A non – linear static analysis of each model has been performed in order to evaluate the variability of the structural response. Four limit states has been defined, in function of the structural capacity and the N2 method has been applied in order to evaluate the seismic demand associated to each limit state. The variability of the structure's resistance against seismic actions has been expressed in terms of analytical lognormal fragility curves for different limit states. For the actual earthquake demand, the probability of occurrence of each grade of damage has been found.

 

Conclusions of the research

A significant variation of the structural capacity has been found by varying the material mechanical properties within selected ranges. Three distinct types of damage mechanism have been obtained for different instances of the same structure, two distinct global mechanisms of damage (type G) and a local mechanism (type L), due to the failure of the right buttress. According to the result, the structural capacity of the structure is noticeably sensitive to the variation of material mechanical properties. Therefore, the analysis of one numerical model may be unreliable in order to assess the actual structural response.

 

Analytical fragility faction has been employed to express the vulnerability of the structure in terms of probability of occurrence of selected damage grades. For both types of mechanism (G and L), the seismic fragility assessment shows that the earthquake demand of the area is sufficient to damage the triangular buttress, the upper part of lateral vaults and at the base of the right buttress since this damage grade is reached with a probability of 100%. Moreover, in the case of a local mechanism (type L), this demand is sufficient to induce additional damage in the upper half of the right buttress. Therefore, for the expected earthquake demand, the structure would present a significant level of damage. However, the collapse of the structure (Ds4) corresponds to a very low probability of occurrence (5%).

 

 

Suggestions for future work

The current study shows the sensitivity of the structural response to the variation of material mechanical properties. As already mentioned very different results have been found if the uncertainty related to tensile strength, compressive strength and elastic modulus is modeled. However, a more in-depth research is possible on the effect of every single parameter on the capacity and the collapse mechanism.

 

Moreover, in the present case study, a population of N=200 simulated models have been analyzed, which is expected to produce statistically reliable results.
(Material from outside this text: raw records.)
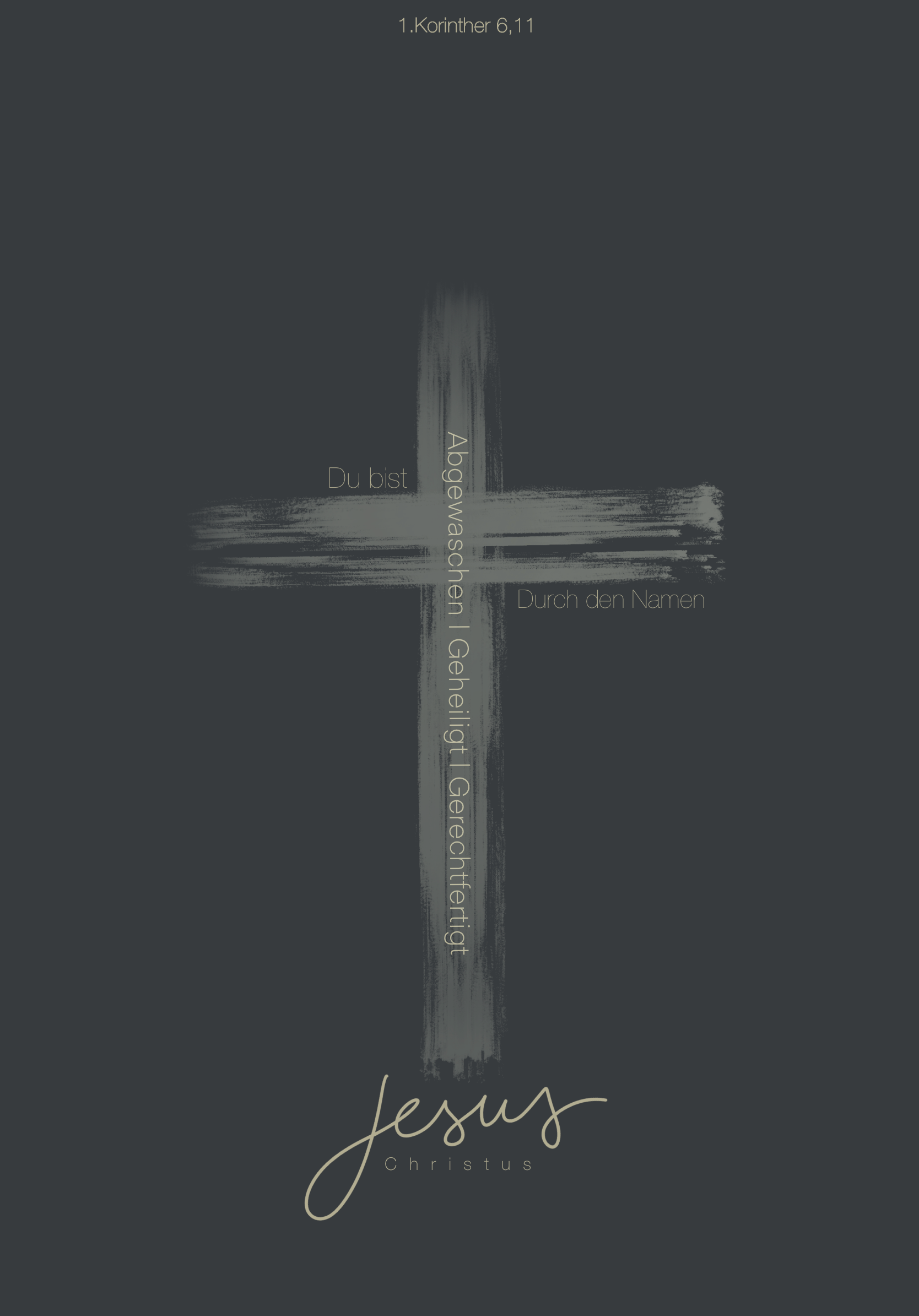 Bibelvers; Du bist abgewaschen/geheiligt/gerechtfertigt durch den Namen Jesus Christus; Dunkelblau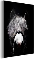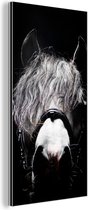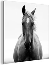Décoration murale Métal - Peinture Aluminium Industriel - Cheval - Zwart - Wit - Portrait - 90x60 cm - Dibond - Photo sur aluminium - Décoration murale industrielle - Pour le salon/chambre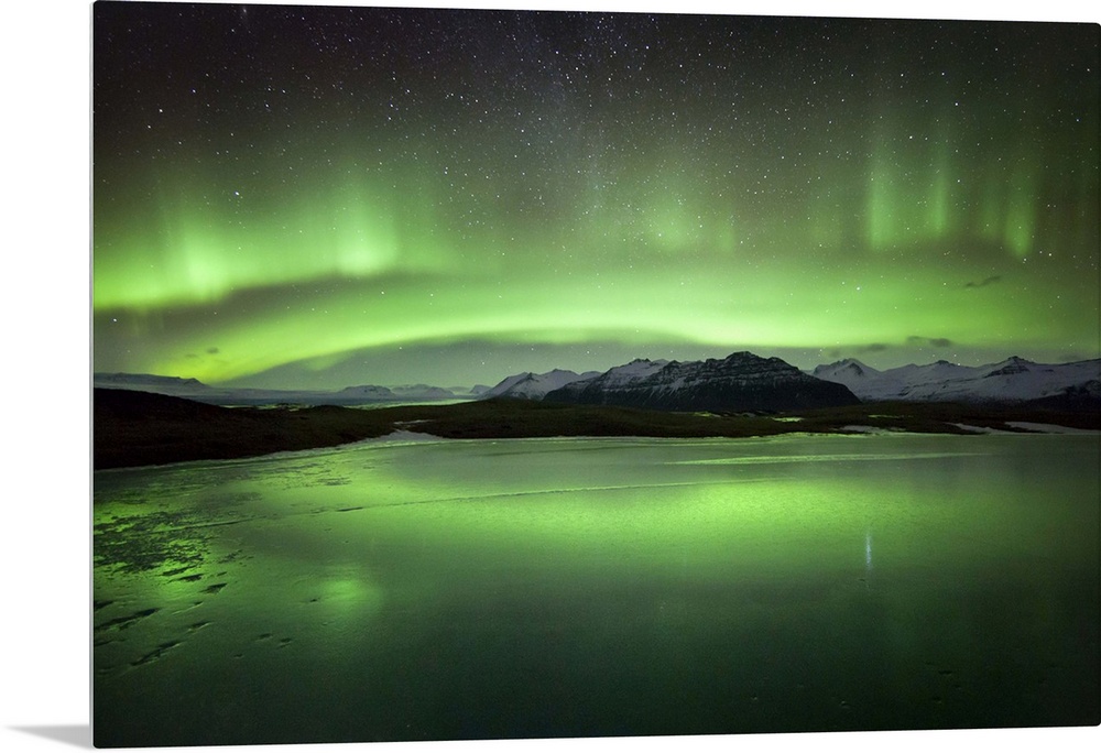 <p>Iceland, South Iceland, Jokulsarlon, Jokulsarlon, Northern lights over Jokulsarlon glacier lagoon.</p>
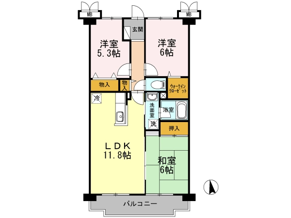 | 間取 | 3LDK (LDK:11.8帖・洋:6帖・洋:5.3帖・和:6畳) |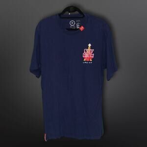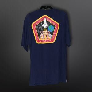 Check out this awesome blue LRG (Lifted Research Group) t-shirt, perfect for any fan of space or unique streetwear! This men's size large tee features eye-catching graphics on both the front (upper right) and back (center), drawing inspiration from NASA and the mysteries of outer space.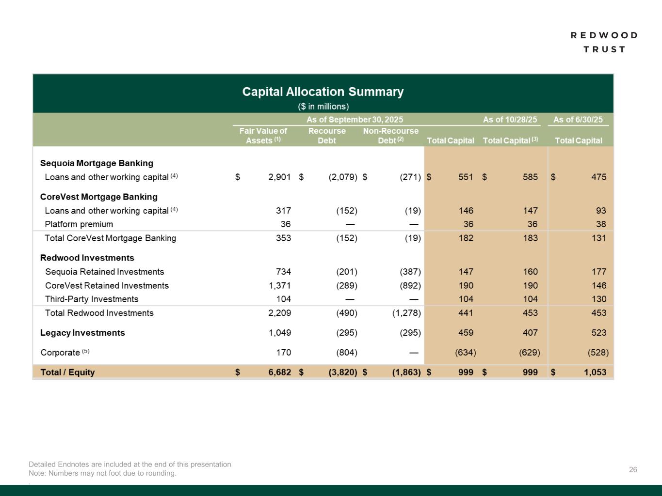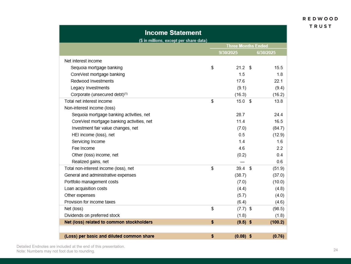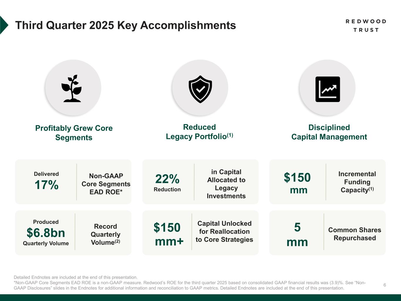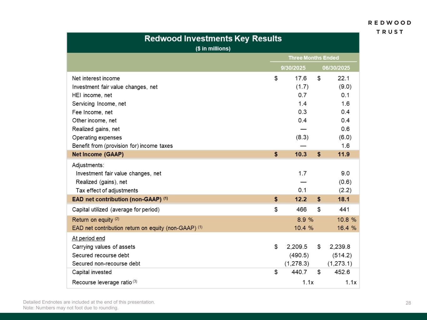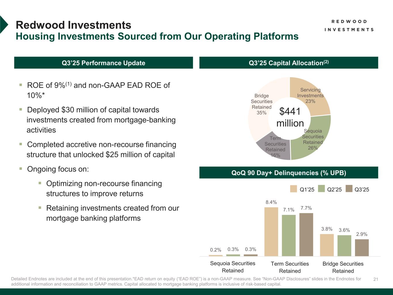 31 To supplement consolidated and segment financial information prepared and presented in accordance with U.S. generally accepted accounting principles ("GAAP"), the Company also provides the following non-GAAP measures: • Core Segments Earnings Available for Distribution (“Core Segments EAD”) • Earnings Available for Distribution (“EAD”) Management believes these non-GAAP measures provide supplemental information to assist management and investors in analyzing the Company’s results of operations and help facilitate comparisons to industry peers. Management also believes that these non-GAAP measures are metrics that can supplement its analysis of the Company’s ability to pay dividends, by providing an indication of the current income generating capacity of the Company's operating platforms as of the quarter being presented. In addition, management believes its non-GAAP Core Segments EAD measure provide supplemental information to assist management and investors in analyzing the Company’s in process transition to a more scalable and simplified business model, which includes a wind-down of legacy portfolio holdings within its recently- established Legacy Investments segment. These non-GAAP measures should not be utilized in isolation, nor should they be considered as an alternative to GAAP net income (loss) available (related) to common stockholders, GAAP ROE or other measurements of results of operations computed in accordance with GAAP or for federal income tax purposes. Core Segments EAD. Core Segments EAD and Core Segments EAD ROE are non-GAAP measures established in the second quarter 2025 and are used to present management’s non-GAAP analysis (based on its non-GAAP Earnings Available for Distribution (“EAD”) measure further described below) of the combined performance the Company’s mortgage banking platforms and related investments (which consist of the Company’s Sequoia Mortgage Banking, CoreVest Mortgage Banking and Redwood Investments segments and are defined as the Company’s “Core Segments”, inclusive of an allocated portion of the Company’s Corporate segment relating to those segments). • Core Segments EAD excludes the Company’s Legacy Investments segment and excludes an allocated portion of the Company’s Corporate segment relating to the Legacy Investments segment. • Core Segments EAD per basic common share and Core Segments EAD ROE are also non-GAAP measures established in the second quarter 2025 and are calculated using Core Segments EAD. • Core Segments EAD ROE is defined as Core Segments EAD divided by average capital attributable to Core Segments. A further discussion of Core Segments EAD and a reconciliation of our non-GAAP Core Segments EAD measures to comparable GAAP measures is set forth below under the heading “Reconciliation of GAAP to non-GAAP Core Segments EAD”. Non-GAAP Disclosures

Further studies could investigate the definition of the optimal number N of samples, able to guarantee a stable dispersion of the results.

 

Furthermore, in this work, only the structural uncertainty related to the material parameters has been considered, while the geometry of the structure is treated deterministically. However, the uncertainties related to the geometry of the structure result relevant especially for the columns, damaged by the fire occurred in 1936. Additional uncertainty related to the variability due to the possible geometrical configurations of the columns could be taken into account in further studies.

 

Finally, as implied in the N2 method, the control point has been chosen at the top of the structure, from the hypothesis that this is usually the point with the higher displacement. However, as already discussed in [Petromichelakis et al., 2014], [Pelà, 2009] in case of masonry buildings this may not be true since higher displacements can be found for a different point of the structure. Thus, the choice of the control node affects significantly the estimation of structural performance. Moving by this evidence, further research could focus on the development of a more adequate methodology for the determination of the target displacement for masonry structures.